Please cite the underlying tools if you use them through this pipeline.

Tool Version Role Reference
fastp 1.3.1 Adapter trimming, read QC Chen et al. 2018, Bioinformatics doi:10.1093/bioinformatics/bty560
bwa-mem2 2.3 Read mapping Vasimuddin et al. 2019, IPDPS doi:10.1109/IPDPS.2019.00041
SAMtools 1.23.1 BAM manipulation & sorting Danecek et al. 2021, GigaScience doi:10.1093/gigascience/giab008
Picard 3.4.0 Read group assignment, duplicate removal Broad Institute 2019
GATK 4.6.2.0 Haplotype calling, genotyping, variant filtration Van der Auwera & O'Connor 2020
BCFtools 1.23.1 VCF filtering and manipulation Danecek et al. 2021, GigaScience doi:10.1093/gigascience/giab008
vcftools 0.1.17 Population-genetics VCF processing Danecek et al. 2011, Bioinformatics doi:10.1093/bioinformatics/btr330
sra-tools 3.2.1 NCBI SRA data download NCBI
entrez-direct 24.0 NCBI SRA accession resolution NCBI
R / tidyverse 1.2.1 QC visualisation R Core Team; Wickham et al. 2019, JOSS doi:10.21105/joss.01686

Release notes

v1.0.9 (May 2026)

  • Added required --slurm_queue parameter when using -profile slurm. The pipeline now validates this at startup and exits with a clear error if it is missing. The specified partition should allow a walltime of at least 7 days.

v1.0.8 (May 2026)

  • BAM files are now deleted mid-run once all GATKHC tasks have finished, freeing disk space without risking premature removal.
  • Fixed zero-length vector crash in r_process_summary_fastp.R for single-end samples (duplication$rate / insert_size$peak null guard).

v1.0.7 (May 2026)

  • Replaced CombineGVCFs with GenomicsDBImport for GVCF consolidation. Eliminates in-memory GC-thrashing at large sample counts; batch size tunable via --genomicsdb_batch_size.
  • Nextflow ≥ 26.x compatibility: moved log.info inside the workflow block, replaced C-style loops with Groovy functional expressions, and updated nextflow.config env-var syntax.
  • Added JVM flags -XX:-UsePerfData --enable-native-access=ALL-UNNAMED to all GATK processes to suppress Java 17+ warnings.
  • Fixed gatkIndex memory to prevent a -Xmx0g crash on first attempt.
  • Fixed single-end sample crash in r_process_summary_fastp.R (insert_size$peak is absent for SE data).

v1.0.6 (April 2026)

  • Switch to automatic Singularity image pulling.
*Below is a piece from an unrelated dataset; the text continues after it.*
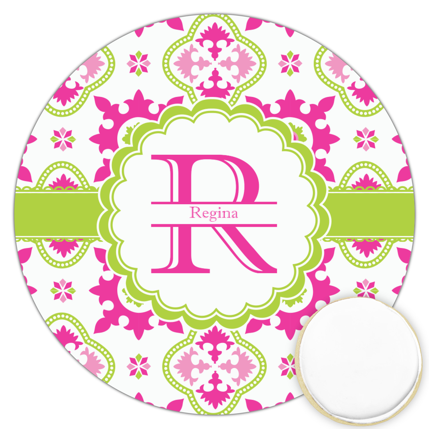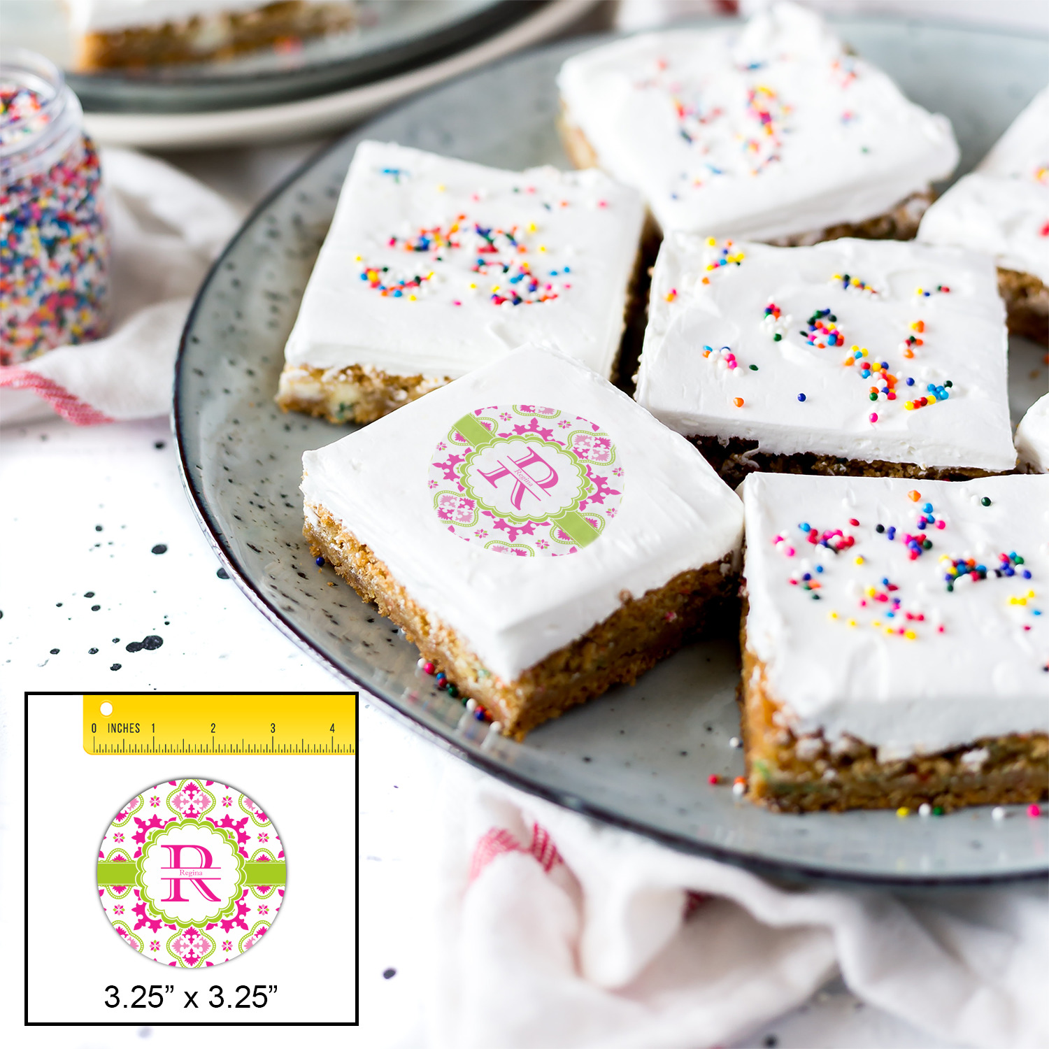 Looking for a girly girl design? This pink and green floral print with a scalloped label is as girly as it gets. We have created this intricate flower pattern in lime green, orchid pink and hot pink. For all of us girly girls and princesses, this is our first choice!

No manual action required.
  • Included fully functional example dataset.

v1.0.5 (April 2026)

  • Fixed HTML QC report generation
  • Improved stability of SRA downloader

v1.0.4b (April 2026)

  • Fixed invalid retryStrategy process directive.

v1.0.4 (April 2026)

v1.0.3 (April 2026)

  • Updated all Singularity container images to the latest Galaxy depot releases.
  • Redesigned QC report (pipeline_report.html): unified fastp, BWA and variant quality sections into a single HTML report with inline PDF plots (font-independent, works in all containers and browsers).
  • Optimised SLURM resource requests across all pipeline modules.
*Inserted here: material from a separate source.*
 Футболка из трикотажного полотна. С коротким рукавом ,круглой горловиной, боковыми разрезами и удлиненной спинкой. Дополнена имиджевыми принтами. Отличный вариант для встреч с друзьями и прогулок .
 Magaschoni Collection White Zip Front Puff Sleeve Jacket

Questions and feature requests

Questions, bug reports and feature requests are welcome on the GitHub Issues page.

Questions? Found a bug? Feature requests?

Go to the GitHub Issues page


How to cite

If you use genomepanel_nf in your research, please cite:

Croll, D. (2026). genomepanel_nf - a highly efficient Nextflow pipeline for reference genome variant calling of large genome panels (v1.0.5). Zenodo. https://doi.org/10.5281/zenodo.19392838

DOI

Please also cite the underlying tools listed in the Software table above.